*Exercise aim*
Where the word "անմահ" occurs in a line of the data, return the whole line.

*Provided material*
*** Begin section ***

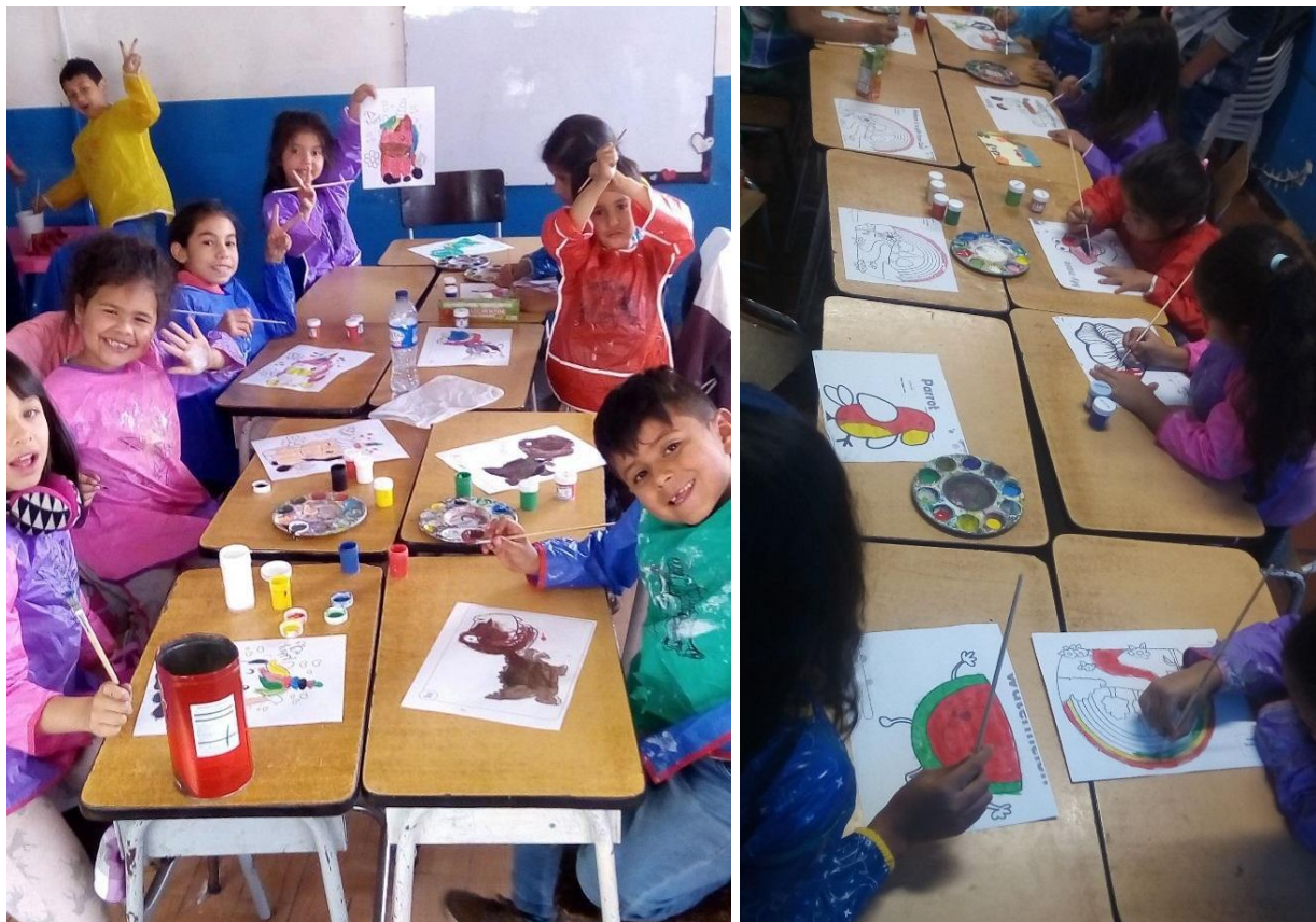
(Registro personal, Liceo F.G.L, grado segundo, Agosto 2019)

*** End section ***
*** Begin section ***

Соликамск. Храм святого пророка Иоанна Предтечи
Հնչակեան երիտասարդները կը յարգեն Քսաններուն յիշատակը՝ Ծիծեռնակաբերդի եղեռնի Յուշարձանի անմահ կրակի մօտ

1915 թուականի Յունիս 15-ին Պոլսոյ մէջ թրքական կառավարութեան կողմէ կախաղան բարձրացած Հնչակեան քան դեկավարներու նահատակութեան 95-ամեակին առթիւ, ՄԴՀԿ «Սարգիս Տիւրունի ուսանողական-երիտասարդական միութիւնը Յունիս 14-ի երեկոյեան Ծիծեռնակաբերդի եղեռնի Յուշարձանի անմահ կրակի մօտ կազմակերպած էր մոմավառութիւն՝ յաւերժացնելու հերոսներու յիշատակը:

*** End section ***
*** Begin section ***

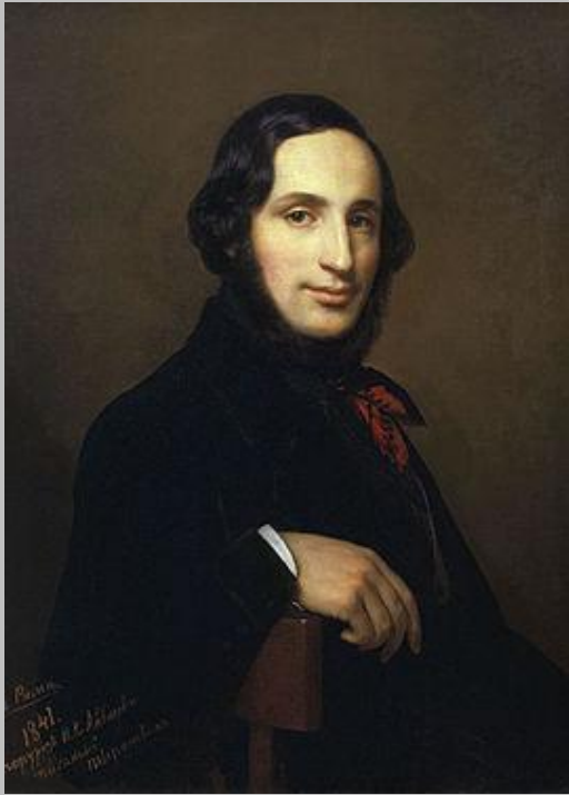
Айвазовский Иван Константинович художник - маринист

*** End section ***

*Answer to this exercise*
Հնչակեան երիտասարդները կը յարգեն Քսաններուն յիշատակը՝ Ծիծեռնակաբերդի եղեռնի Յուշարձանի անմահ կրակի մօտ
1915 թուականի Յունիս 15-ին Պոլսոյ մէջ թրքական կառավարութեան կողմէ կախաղան բարձրացած Հնչակեան քան դեկավարներու նահատակութեան 95-ամեակին առթիւ, ՄԴՀԿ «Սարգիս Տիւրունի ուսանողական-երիտասարդական միութիւնը Յունիս 14-ի երեկոյեան Ծիծեռնակաբերդի եղեռնի Յուշարձանի անմահ կրակի մօտ կազմակերպած էր մոմավառութիւն՝ յաւերժացնելու հերոսներու յիշատակը:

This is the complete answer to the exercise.